### EXTRACTED MATERIAL

======

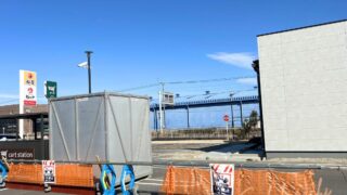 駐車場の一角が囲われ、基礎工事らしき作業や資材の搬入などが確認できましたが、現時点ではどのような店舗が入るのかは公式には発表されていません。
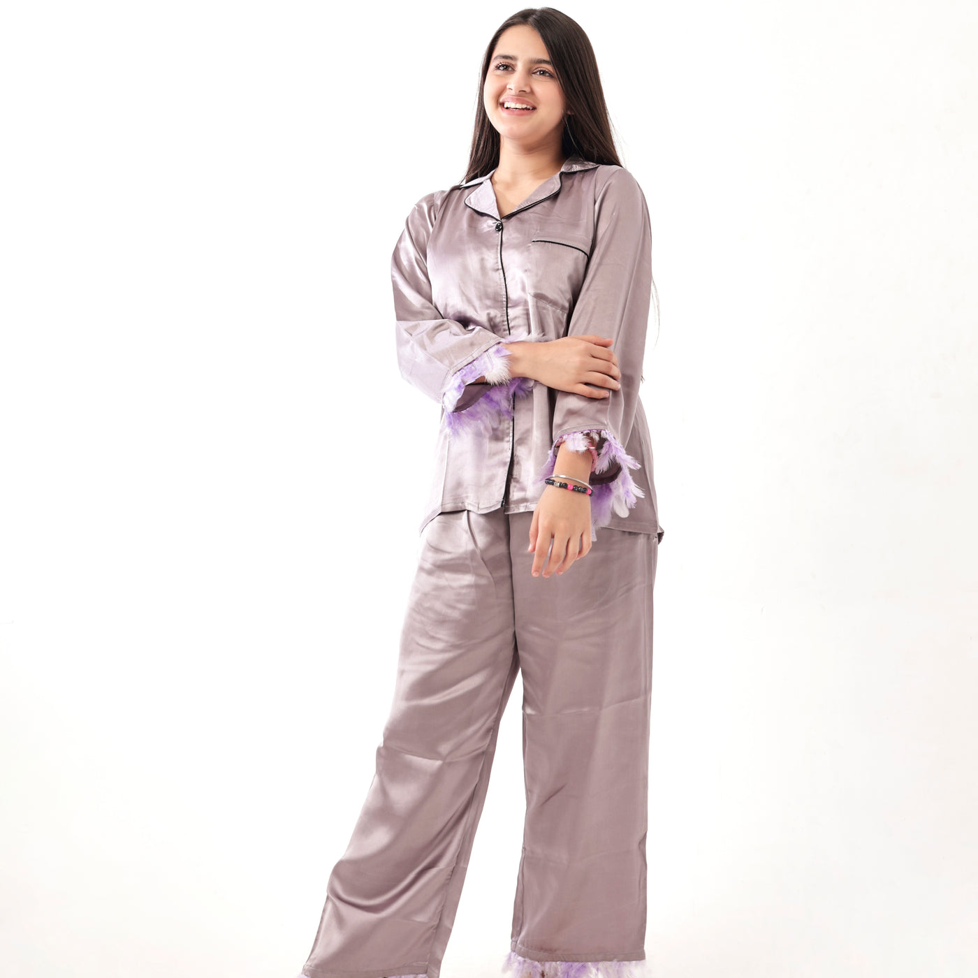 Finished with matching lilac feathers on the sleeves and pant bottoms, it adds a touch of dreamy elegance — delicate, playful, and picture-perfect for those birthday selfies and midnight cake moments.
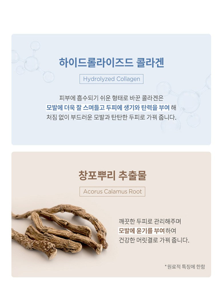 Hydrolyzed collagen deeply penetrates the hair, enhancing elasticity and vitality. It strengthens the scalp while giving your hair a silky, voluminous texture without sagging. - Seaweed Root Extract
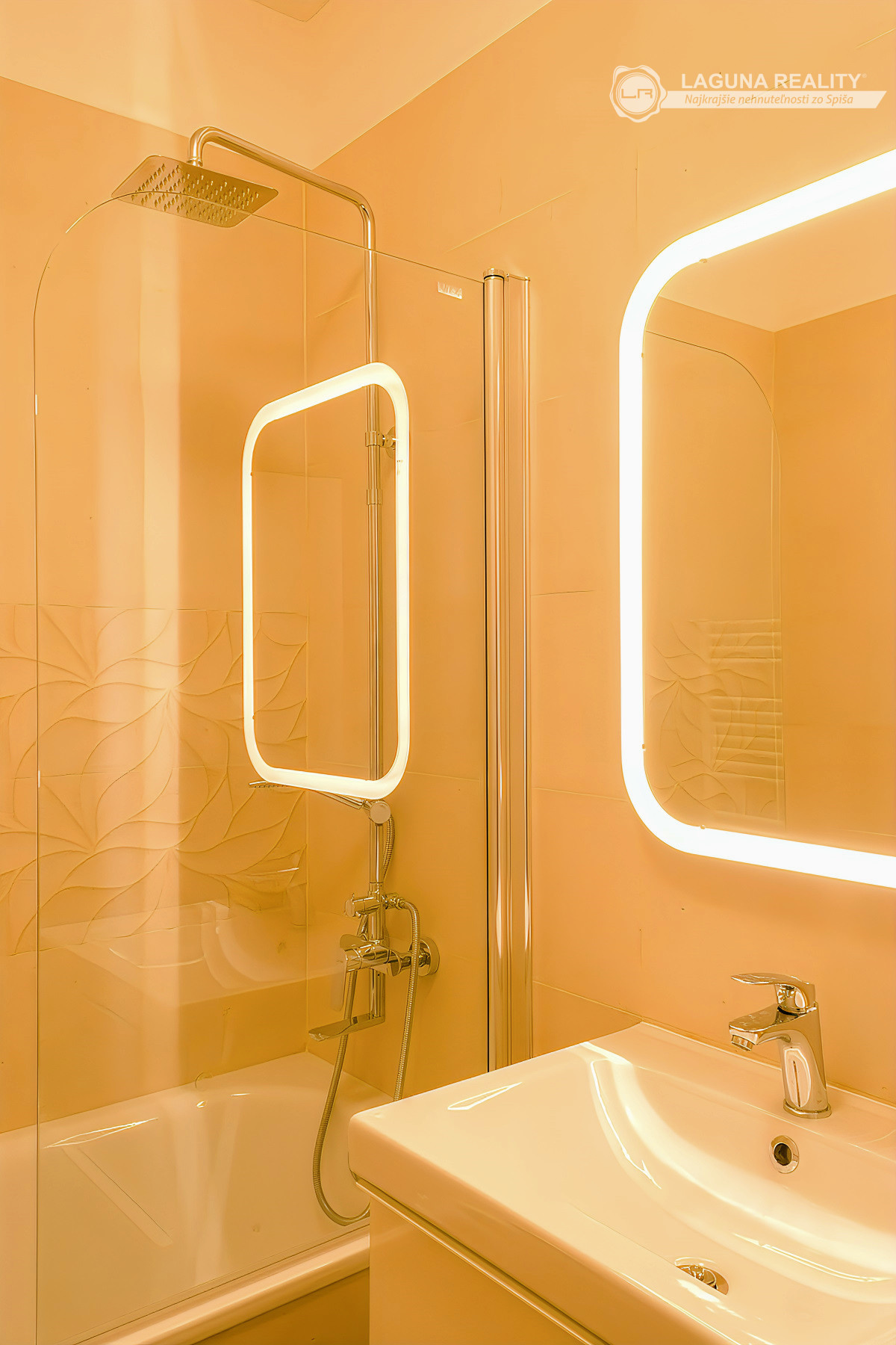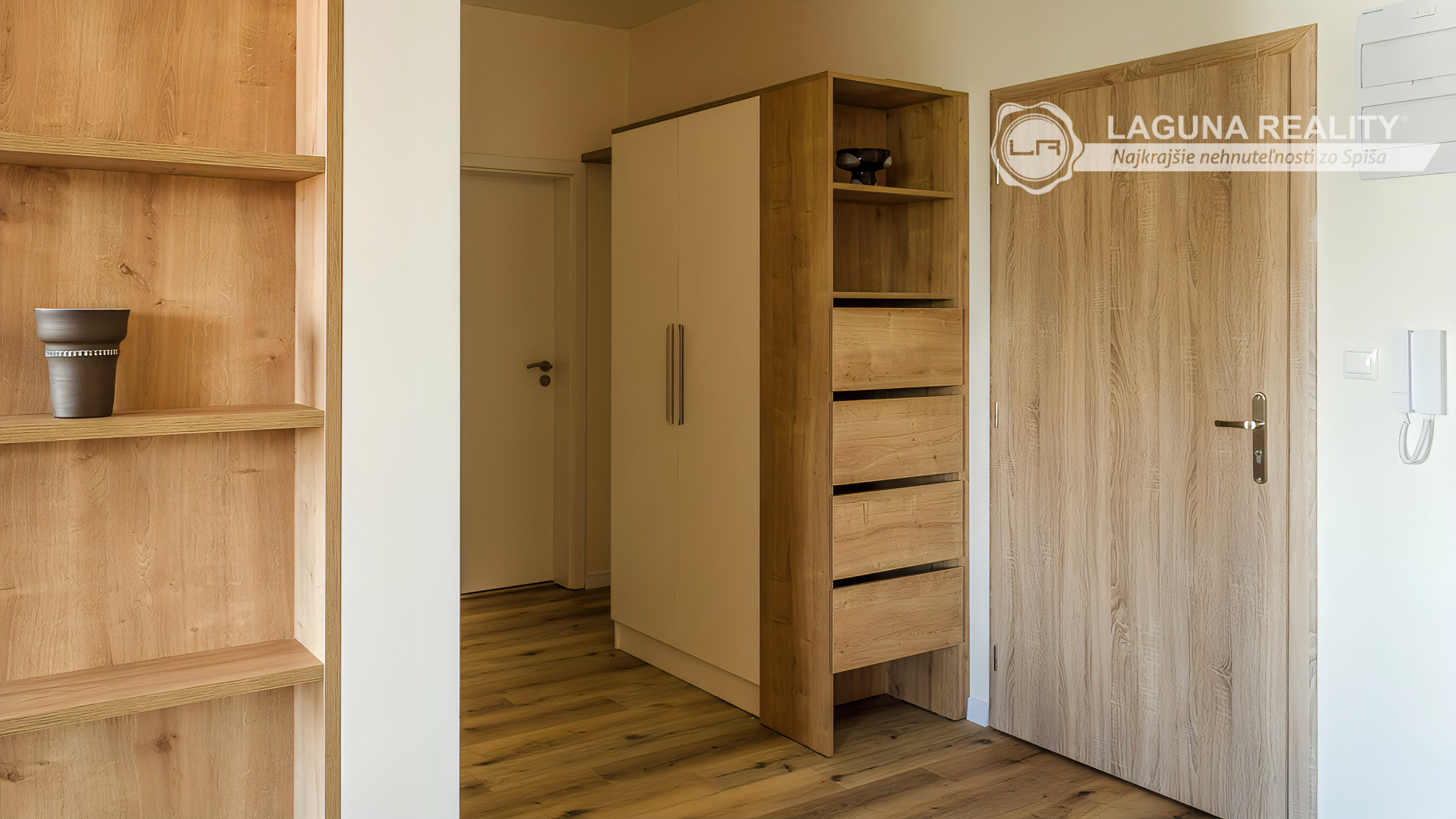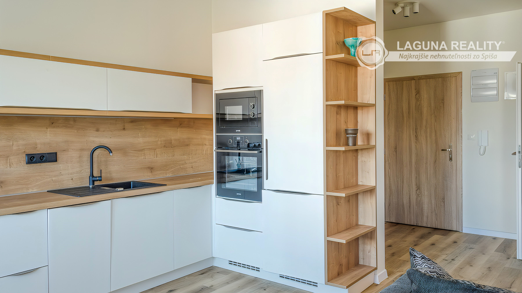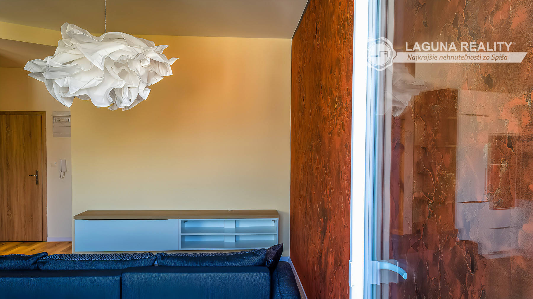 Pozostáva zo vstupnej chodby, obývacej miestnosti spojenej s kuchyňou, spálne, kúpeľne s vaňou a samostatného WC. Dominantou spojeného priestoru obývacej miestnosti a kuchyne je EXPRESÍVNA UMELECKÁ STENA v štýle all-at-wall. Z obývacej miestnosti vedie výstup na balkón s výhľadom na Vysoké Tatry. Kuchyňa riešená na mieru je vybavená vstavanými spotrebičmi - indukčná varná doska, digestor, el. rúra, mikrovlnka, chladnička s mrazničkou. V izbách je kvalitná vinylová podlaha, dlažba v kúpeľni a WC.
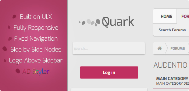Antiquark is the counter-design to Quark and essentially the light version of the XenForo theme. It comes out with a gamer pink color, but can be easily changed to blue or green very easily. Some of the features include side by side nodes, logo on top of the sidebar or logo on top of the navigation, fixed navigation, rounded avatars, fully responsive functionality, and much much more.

======

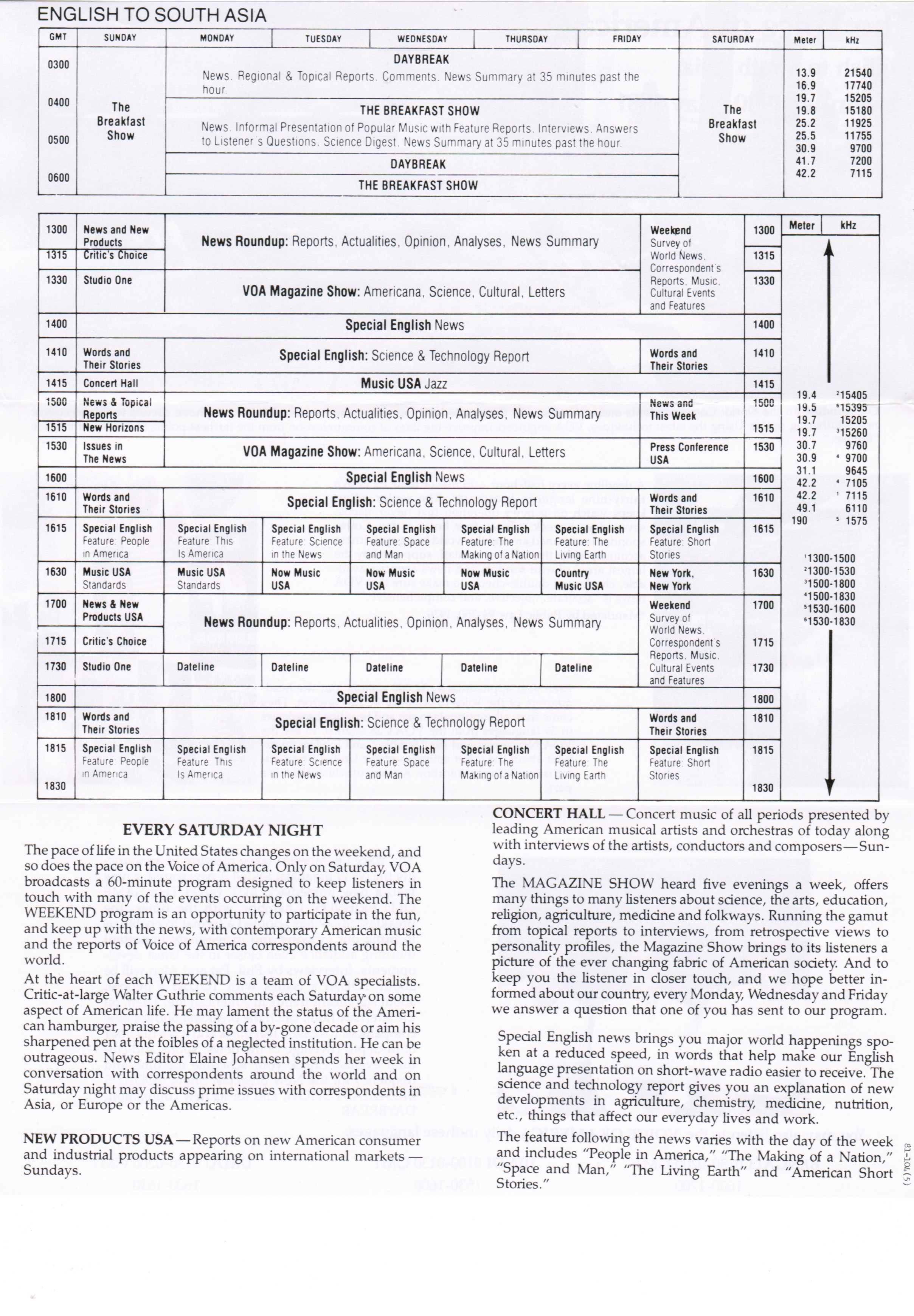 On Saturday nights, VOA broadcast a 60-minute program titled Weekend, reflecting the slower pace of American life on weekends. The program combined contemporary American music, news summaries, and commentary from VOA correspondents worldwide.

======

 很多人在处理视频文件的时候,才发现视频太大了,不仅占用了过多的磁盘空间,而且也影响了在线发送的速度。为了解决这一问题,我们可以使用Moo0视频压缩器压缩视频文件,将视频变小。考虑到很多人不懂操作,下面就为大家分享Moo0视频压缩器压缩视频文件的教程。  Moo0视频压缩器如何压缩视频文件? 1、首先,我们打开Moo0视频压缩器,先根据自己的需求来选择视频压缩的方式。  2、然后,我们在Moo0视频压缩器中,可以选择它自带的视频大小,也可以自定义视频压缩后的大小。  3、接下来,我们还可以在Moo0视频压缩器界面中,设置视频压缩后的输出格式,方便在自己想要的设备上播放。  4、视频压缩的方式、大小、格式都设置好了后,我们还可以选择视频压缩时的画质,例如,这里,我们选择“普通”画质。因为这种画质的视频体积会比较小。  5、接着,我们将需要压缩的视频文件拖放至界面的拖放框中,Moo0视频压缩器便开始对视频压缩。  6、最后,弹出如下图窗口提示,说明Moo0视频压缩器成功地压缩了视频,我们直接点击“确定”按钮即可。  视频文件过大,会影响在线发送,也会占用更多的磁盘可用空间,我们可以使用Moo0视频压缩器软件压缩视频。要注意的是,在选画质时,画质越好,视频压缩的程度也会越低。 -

======

Give back exactly the lines of the listing above from the one that contains "Hydrolyzed collagen deeply" up to and including the one that contains "Antiquark is the", but not the pictures, and no other lines.

### ANSWER BOX
 Hydrolyzed collagen deeply penetrates the hair, enhancing elasticity and vitality. It strengthens the scalp while giving your hair a silky, voluminous texture without sagging. - Seaweed Root Extract
 Pozostáva zo vstupnej chodby, obývacej miestnosti spojenej s kuchyňou, spálne, kúpeľne s vaňou a samostatného WC. Dominantou spojeného priestoru obývacej miestnosti a kuchyne je EXPRESÍVNA UMELECKÁ STENA v štýle all-at-wall. Z obývacej miestnosti vedie výstup na balkón s výhľadom na Vysoké Tatry. Kuchyňa riešená na mieru je vybavená vstavanými spotrebičmi - indukčná varná doska, digestor, el. rúra, mikrovlnka, chladnička s mrazničkou. V izbách je kvalitná vinylová podlaha, dlažba v kúpeľni a WC.
Antiquark is the counter-design to Quark and essentially the light version of the XenForo theme. It comes out with a gamer pink color, but can be easily changed to blue or green very easily. Some of the features include side by side nodes, logo on top of the sidebar or logo on top of the navigation, fixed navigation, rounded avatars, fully responsive functionality, and much much more.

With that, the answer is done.